The chips were wrapped in two sheets from an upmarket daily. Rita threw the crumpled up top piece into the bin. Marcie began reading the sheet that was left.
‘Shame Nancy Tucker didn’t read this,’ said Marcie.
Rita glanced over her shoulder. ‘What’s that then?’
Marcie pointed at the headline. ‘Government Votes on Abortion’. Rita not being much for reading anything, Marcie contracted the subject matter for her benefit.
‘They’d already voted but were asked to think again. If it passes it’ll mean if you get knocked up and don’t want to marry the bloke, you can get rid of it legally.’
‘That’s handy,’ said Rita blithely.
Marcie frowned. ‘That depends.’
Rita shrugged. ‘On what?’
Sometimes Rita was great fun to be with. At other times her shallow attitude to serious matters made Marcie wonder whether they should be friends at all.
‘It’s a baby, Rita. A human being. It can’t be that easy.’
‘Well, I would if I had to. And so would you.’
The sheet of newspaper was suddenly taken off by a breeze and sent tumbling and fluttering along the beach.
A young couple with four small children came to the booth to buy penny shrimps made from sickly pink rock. Four excited faces turned upwards to choose their wares and hand over their pennies.
‘Looks as though you’ve got your hands full,’ Marcie said to their parents, who looked to be still in their twenties. It was obvious from their appearance that they didn’t have much money.
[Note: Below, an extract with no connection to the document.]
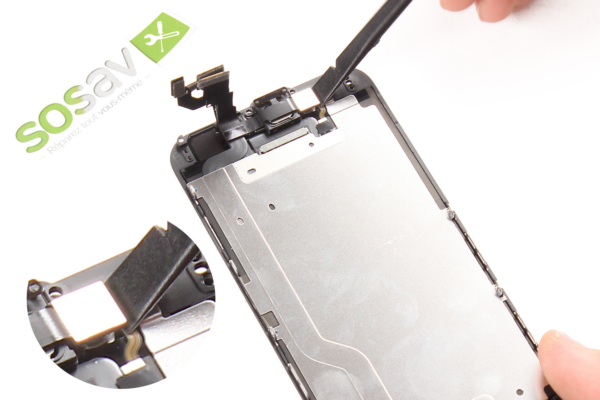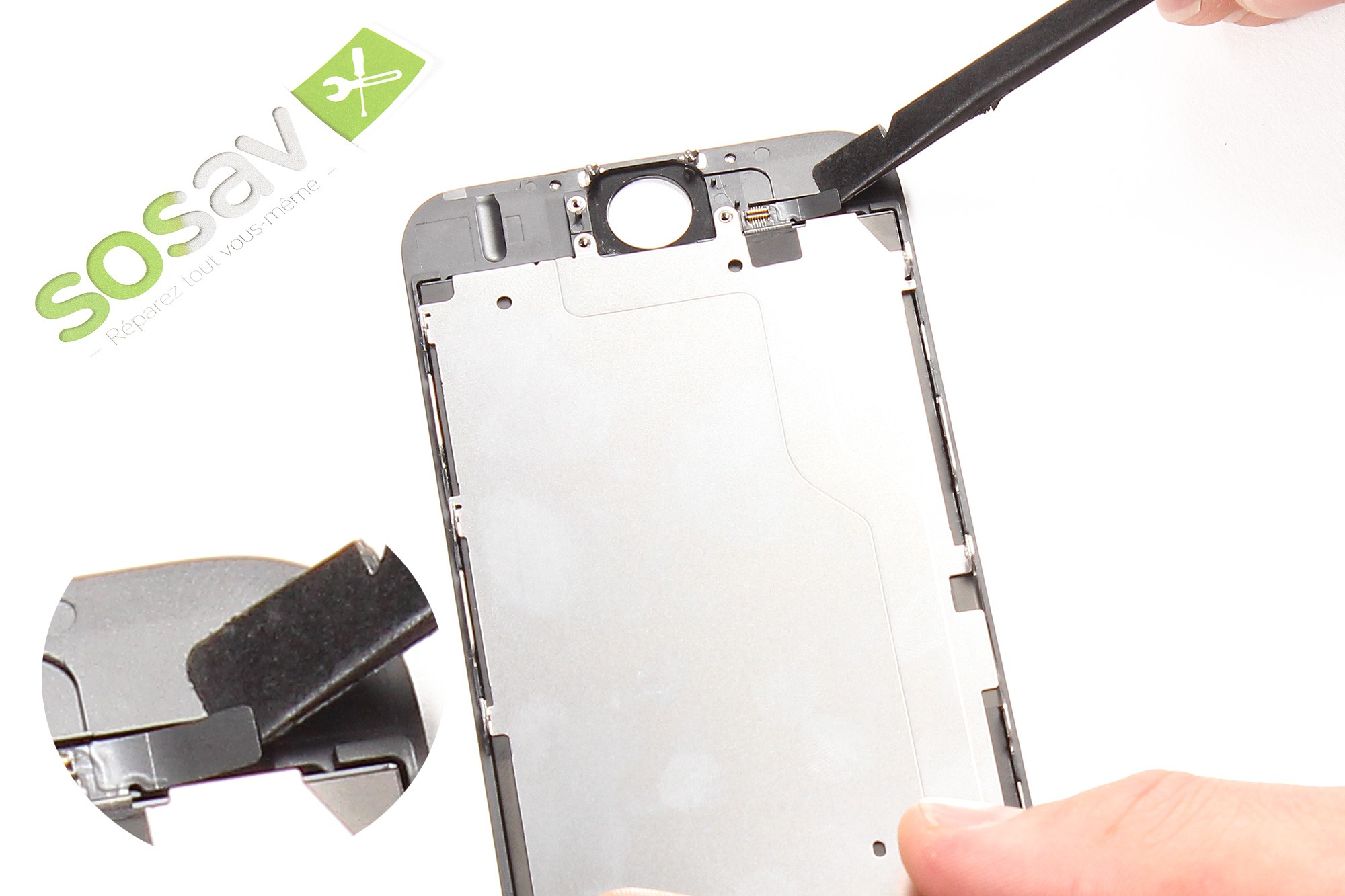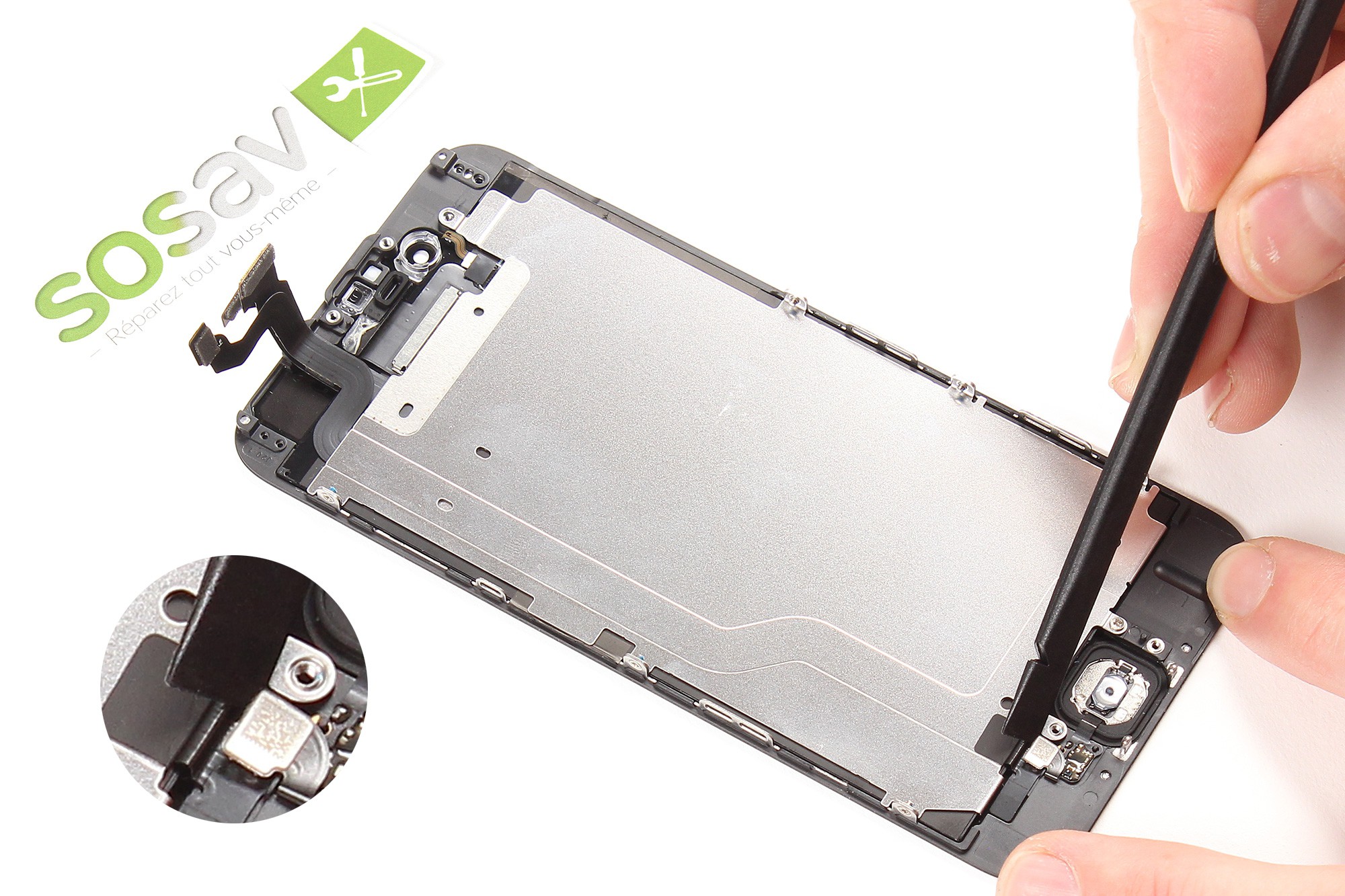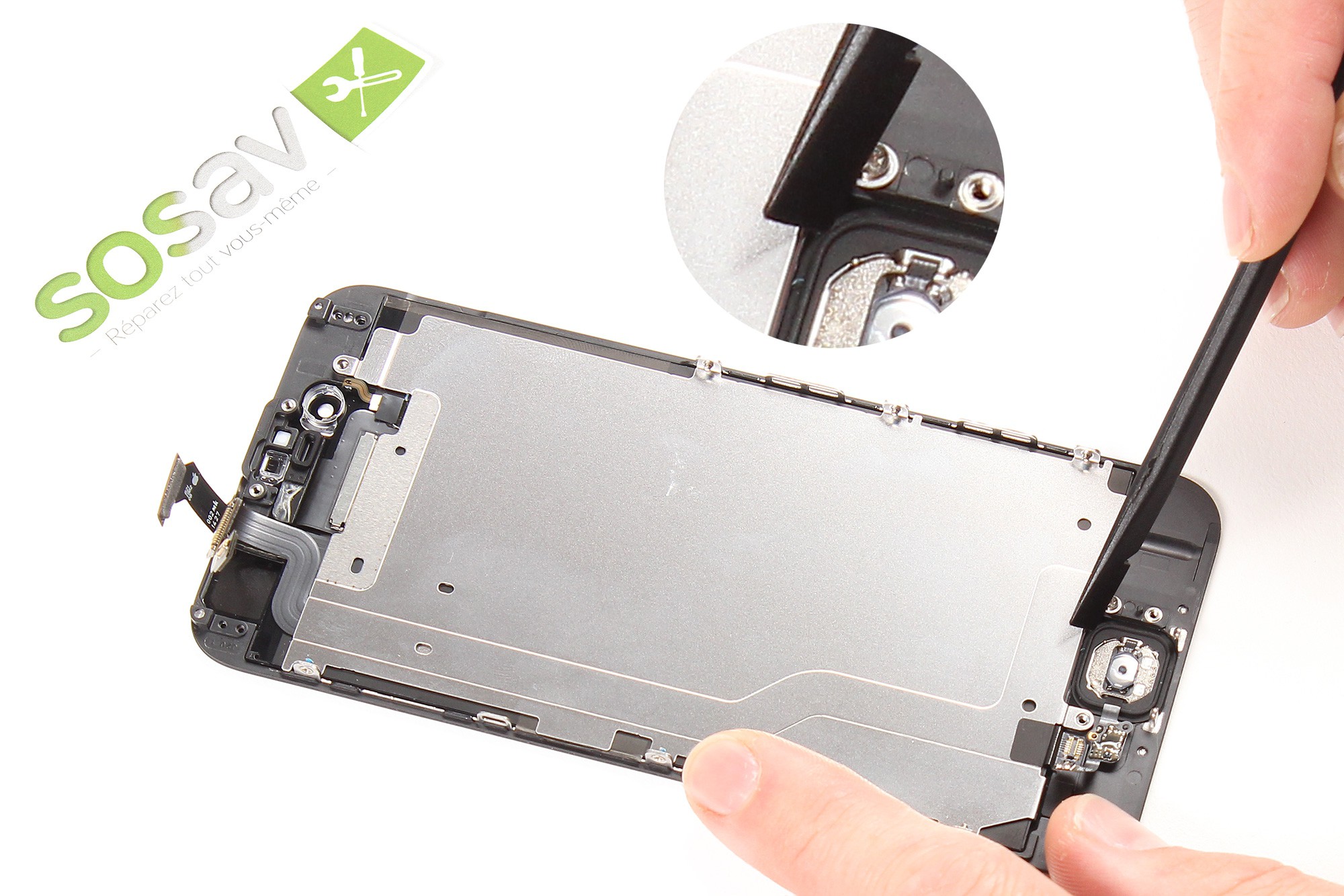 Servez-vous à nouveau de la spatule en nylon pour décoller délicatement la nappe de liaison du bouton home.

Mum and Dad smiled. Mum shook her head. ‘At times it’s hard to make ends meet, but there, I wouldn’t be without them. Not for all the world.’
Chapter Two
Marcie pushed open the front door of the small terraced cottage she shared with the rest of her family. The Brooks family consisted of Gran, her stepmother Barbara, called Babs, half-brothers Arc
hie and Arnold, and baby half-sister Annie. Dad didn’t really count because he was seldom there, ‘working’ in London for a stretch at a time.
The door bounced back against the mass of coats hanging from hooks in the tiny hallway. The smell of her grandmother’s version of shepherd’s pie wafted out from the kitchen. Gran’s shepherd’s pie was a little spicier than the English version thanks to the addition of tomato sauce and chopped herbs that she grew in a pot outside the kitchen door.
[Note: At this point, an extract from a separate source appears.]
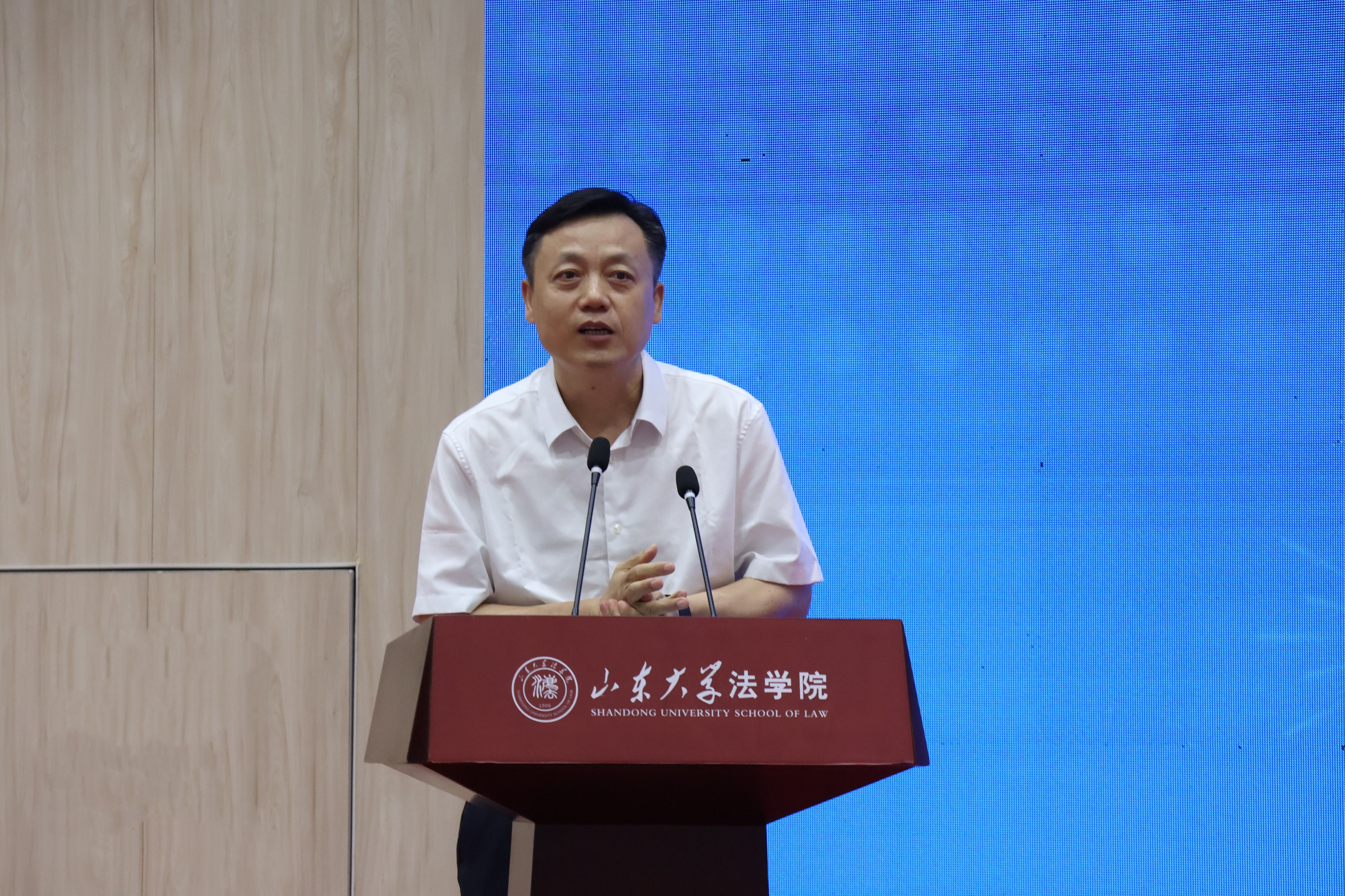 周长军为新生授“开学第一课”。他以红足—世足球网官方网站的历史作为切入点,深入介绍了山大法学的国内外学科地位、专业发展沿革和创新培养模式。此外,他对新生的学业发展提出三点建议:第一,聚焦前沿问题,紧跟时代浪潮。随着我国进入新发展阶段,人工智能、区块链、大数据等前沿技术,正全方位重塑社会形态。在此背景下,法科生应当关注新动态、新问题,以期在未来为中国特色社会主义法治建设贡献力量。第二,打破学科壁垒,丰富知识结构。法学不是孤立的学科,大学期间,法科生应当广泛阅读,开阔视野,构建多元知识版图。第三,投身法治实践,做到知行合一。法学的生命力在于实践,法科生在课堂学习之余,也应当积极寻求法律实践机会,运用理论分析解决实际困境,做到学以致用。
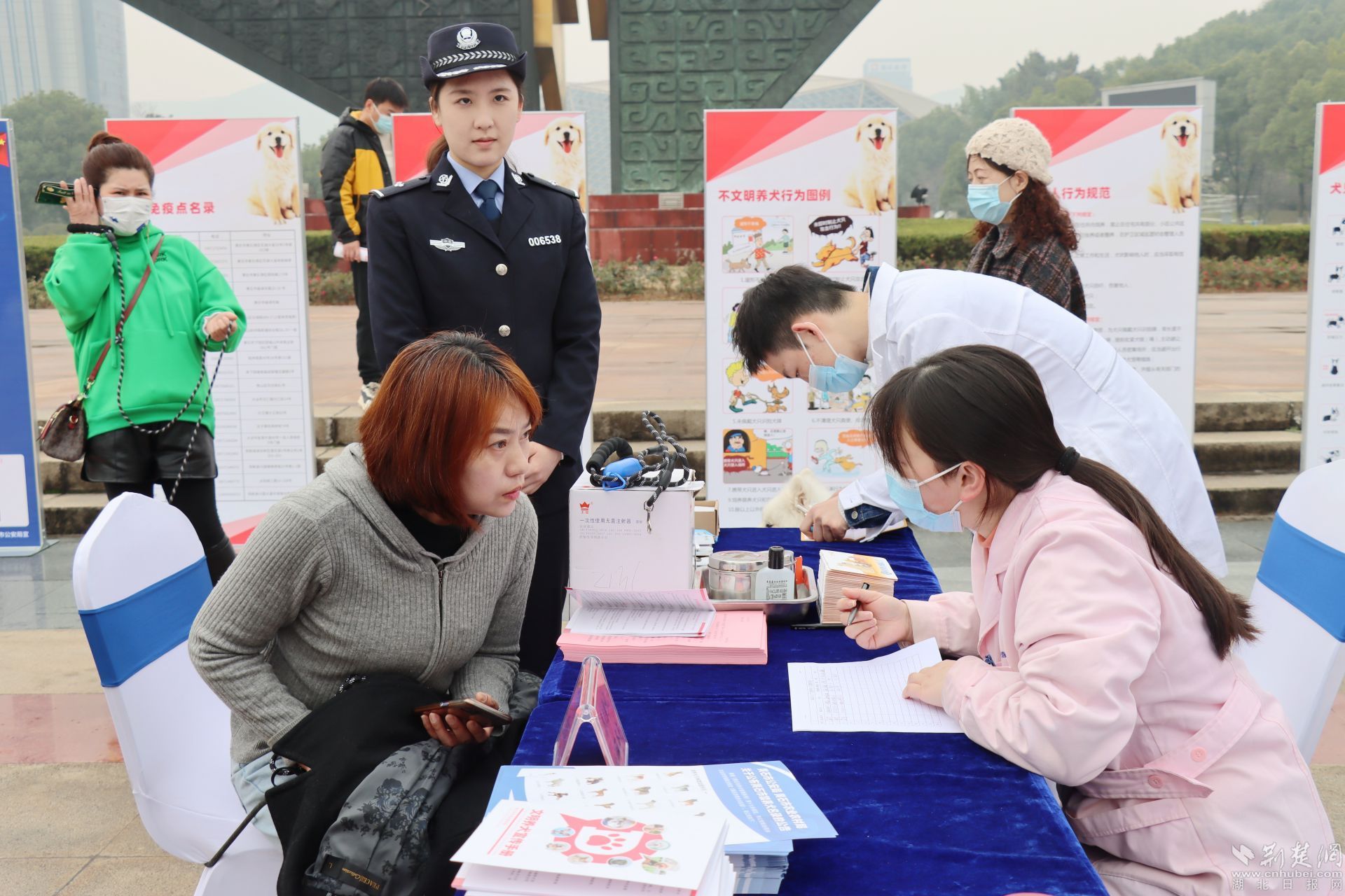 上午9點(diǎn),黃石市公安局、市城管委等多家養(yǎng)犬管理責(zé)任單位及市小動(dòng)物保護(hù)協(xié)會(huì)、養(yǎng)犬登記便民務(wù)點(diǎn)在市人民廣場(chǎng)設(shè)立便民咨詢點(diǎn),現(xiàn)場(chǎng)為前來(lái)咨詢的養(yǎng)狗市民發(fā)放宣傳資料并進(jìn)行答疑解惑。

Her gran’s voice sounded from the kitchen. ‘That you, Marcie?’
Of course it bloody well was. Who else was it likely to be? But she answered yes anyway, and certainly didn’t swear. Most people minded their language in front of Gran. They wouldn’t dare otherwise.
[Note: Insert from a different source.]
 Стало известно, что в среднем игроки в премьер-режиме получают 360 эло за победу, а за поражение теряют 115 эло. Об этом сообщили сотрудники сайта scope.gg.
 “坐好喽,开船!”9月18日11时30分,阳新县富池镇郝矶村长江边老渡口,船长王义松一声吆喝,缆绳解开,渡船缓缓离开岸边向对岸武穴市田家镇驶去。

‘Get our Archie from out the back yard, would you, love?’ Babs’s voice, throaty with smoking, wheedled with just the right hint of menace. Marcie gritted her teeth.
Her dad had taken up with Barbara – Babs – only a few months after her mother had gone off. Babs had presented him with three kids – Archie was the eldest, nine years old and a right chip off the old block; Arnold was a year younger.
There was a larger gap between the birth of the boys and that of baby Annie. Tony Brooks had been away for quite a while and had been absent again between Annie’s conception and her birth. He’d only seen her once since she was born when Babs had gone on a prison visit.
Marcie went out into the kitchen. An old black range squatted like a fat spider in the fireplace. Two armchairs were placed either side of the fireplace and a dark-green dresser ran the length of one wall. The middle of the room was occupied by a scrubbed pine table and six mismatched chairs.
Gran was smothered in richly smelling steam rising from cabbage, carrots and the giant dish of pie she’d just fetched out of the oven. She looked over her shoulder.
‘Wash your hands, Marcie. Your supper’s nearly ready.’
Babs was sitting at the table smoking a cigarette and reading a magazine – True Romance. She had bleached blonde hair lacquered into a French pleat at the back of her head. Two kiss curls, stiff with hair lacquer, appeared glued to her cheeks. Her fringe was a series of equally stiff curls hanging like dead caterpillars on her forehead. She seldom offered to help her mother-in-law with getting any meal ready.